Ajax not working on select tag, PHP, AJAX

Question

I'm trying to use ajax on a select tag with 2 options, but it's not getting the $_POST for some reason. It prints out the "---", but it does not print out the $_POST value, which is either 1 or 2. I'm not sure what I did wrong. Please take a look at my code:

newtest.php

<script src="https://ajax.googleapis.com/ajax/libs/jquery/2.1.3/jquery.min.js"></script>

<script type = "text/javascript"> 

function ajax(url,type,theName,id) {

      $.ajax({
           type: "POST",
           url: url,
           data: { select: $(type+'[name='+theName+']').val()},
           error: function(xhr,status,error){alert(error);},
           success:function(data) {
             document.getElementById( id ).innerHTML = data;
           }

      });

}

</script>

<?php

echo "<select name = 'name' onchange = 'ajax(\"newtestx.php\",\"input\",\"name\",\"output\")'>";
echo "<option value = '1'> 1 </option>";
echo "<option value = '2'> 2 </option>";
echo "</select>";

echo "<div id = 'output'></div>";

?>

newtestx.php

<?php

$name = $_POST['name'];
echo $name."---";

?>

Answer 1

You are sending a POST parameter with the key "select" to the server in your AJAX call:

   data: { select: $(type+'[name='+theName+']').val()},

In newtestx.php you are trying to retrieve the value from a POST parameter with the key "name" - which doesn't exist:

$name = $_POST['name'];

You could fix this easily by giving the parameter keys the same name. If you would look for $name = $_POST['select'] the parameter would be found.

Inline Javascript is considered bad practice and there's no need to echo out the HTML markup, it makes the mark up harder to work with.

newtest.php

<script src="https://ajax.googleapis.com/ajax/libs/jquery/2.1.3/jquery.min.js"></script>
<script src="[link to your javascript file here]"></script>
<select name='numbers' class="postValueOnChange" data-id-to-update="output" data-post-url="newtestx.php">
    <option value='1'>1</option>
    <option value='2'>2</option>
</select>
<div id='output'></div>

Javascript file

$(document).ready(function () {
    $('.postValueOnChange').change(postSelectedValue);

    function postSelectedValue(e) {
        var $self = $(this);
        var url = $self.data('post-url');
        var $elementToUpdate = $('#' + $self.data('id-to-update'));

        var jqxhr = $.ajax({
            type: "POST",
            url: url,
            data: {
                selected: $self.val()
            }
        });
        jqxhr.done(function (data) {
            $elementToUpdate.html(data);
        });
        jqxhr.fail(function (jqXHR, textStatus, errorThrown) {
            alert(errorThrown);
        });
    }
});

newtestx.php

<?php
$name = $_POST['selected'];
echo $name."---";
?>

Answer 2

First, Since you are using jQuery, why are you still using inline javascript?

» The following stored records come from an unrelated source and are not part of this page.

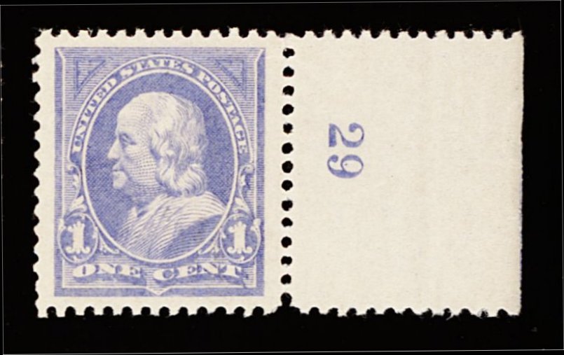 362 nh 246 image#246, 1c Ultramarine, right sheet-margin plate no. 29 single, flawlessly centered amid huge jumbo margins, bright fresh color, o.g., n.h., extremely fine; a striking large-margined gem that is seldom encountered this choice; 2001 PF certificate for a strip of three from which this stamp was taken. (Image) 60.00
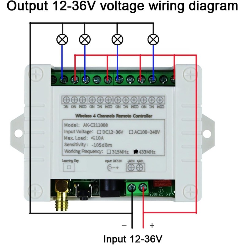 - 【4 Channel for Wireless Control 】the remote switch is a learning switch, it can learn different coding remote controls (such as 2262,1527 ect.) it can meet different customer needs. the output way /working way can be changed as you like, it is easy to match the transmitter. One/several transmitters can control one/several receivers simultaneously.They do not interfere with each other.
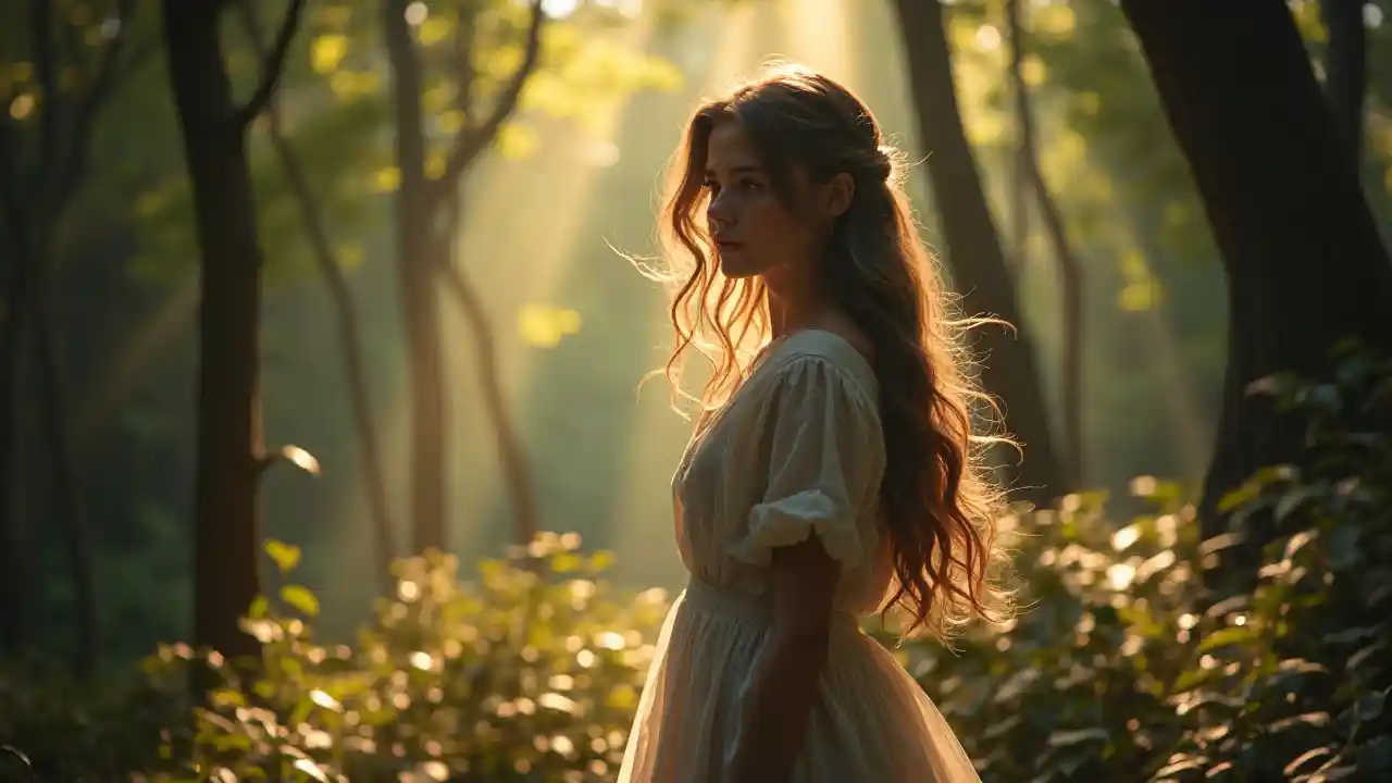 Magischer Wald, junger weiblicher Realismus, fließendes Haar, volle Figur, elegante Silhouette, zeitloses Outfit, ätherisches Licht, strahlende Aura, filmartige Kulisse, dramaturgische Träume, himmlische, himmelähnliche Essenz, erinnert an Elly Mays Stil, haptische Sehnsucht, ultrahohe Auflösung, Ultra-High-Definition, High-Definition, 8k, die Details sind exquisit und exquisit.

Well I suggest you first to restrucure your code around the jQuery change event:

$(document).ready(function() {
        $('select').change(function(e) {
        e.preventDefault();

        var selected = $('.select option:selected').val();
        var id, theName, url= ...// get it from the DOM 

        $.ajax({
           type: "GET",
           url: url,
           data: { select: selected},
           error: function(xhr,status,error){alert(error);},
           success:function(data) {
             $('#'+id).html(data);
           }

      });


    }); 
}); 

Second, why are you coding HTML with PHP, you are making yourself struggle and lose time only with quotes and double quotes, and no-needed spaces.

    <form action="">  
        <select name="name">
        <option value="1">1</option>
        <option value="1">1</option>
        </select>


    </form>

<div id="output"></div>

Answer 3

You are sending post param select and trying to receive as $_POST['name'].

Make sure they match...either both as name or as select